Trinidad and Tobago is small and its gas reserves account for less than 1 percent of the world’s reserves. The country used its oil windfall in the mid-’70s to invest and develop uses for natural gas, first by developing a petrochemical capacity for downstream processing, then in the mid-1990s the country changed its policy direction and moved upstream by developing LNG capacity. We had the advantage of entering the market early in its development and taking advantage of the early gains.

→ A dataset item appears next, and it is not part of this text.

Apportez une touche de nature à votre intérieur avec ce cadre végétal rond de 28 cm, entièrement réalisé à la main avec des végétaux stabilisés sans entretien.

World conditions have changed. The relatively high prices enjoyed during the past 10 years have now disappeared. World demand has fallen and the market is now faced with an oversupply. Furthermore, the USA is not only self-sufficient, but it is now in a position to export to add to the world’s oversupply. Worse yet, Iran will soon be in a position to export. In our own case, we are faced with declining production and not enough gas to meet the installed gas demand, far less start any new project.

Faced with these conditions, we have only two priorities: first, to explore with a view toward increasing production; second, in the short run, to find a supply source that can ease the domestic undersupply. It sounds easy. Good news appeared this week in the form of Venezuela and the Loran/Manatee field. But there are several political, diplomatic and business hurdles to cross to make this a reality in the near term.

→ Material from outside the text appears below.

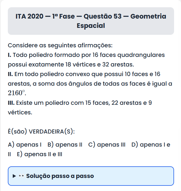 Continue lendoITA 2020 — 1ª Fase — Questão 54 ITA 2020 — 1ª Fase — Questão 54 — Geometria Espacial Considere

First, legislative elections are due in Venezuela in the next three months, and it is expected that the opposition will make considerable inroads. What if the administration loses its current freedom? Was an agreement signed this week? Where is the official communique? Second, Venezuela is in the middle of an expensive commercial battle in the U.S. courts, where it faces seizure of commercial assets in the United States (CITGO) in compensation for its expropriation of U.S. commercial interests.

This raises many difficult issues on the diplomatic front, not including the Guyana/Venezuela border dispute. Third, a U.S. energy major has commercial rights to the Loran-Manatee field; is it in the picture, and is it in agreement with this new Venezuelan initiative? If not, what is the economic and diplomatic fallout from pursuing this approach?

These are only the preliminary questions. There are deeper, more intractable issues which we must face from a policy perspective. After 100-plus years in the energy sector, what are our country’s strengths and capabilities? The majority of our investment expenditures have been undertaken through foreign direct investment, with technology that we did not own. Capital has to be repaid with interest and dividends, and technology must be licensed. With the exception of CLICO, no domestic firm has invested deeply in the energy sector.

Where are our centres of excellence with the capabilities to operate in the energy sector at an internationally competitive level? These are robust policy issues, the answers to which are the key to sustainable development. As in the case of India, they cannot be solved in five years. But we must start.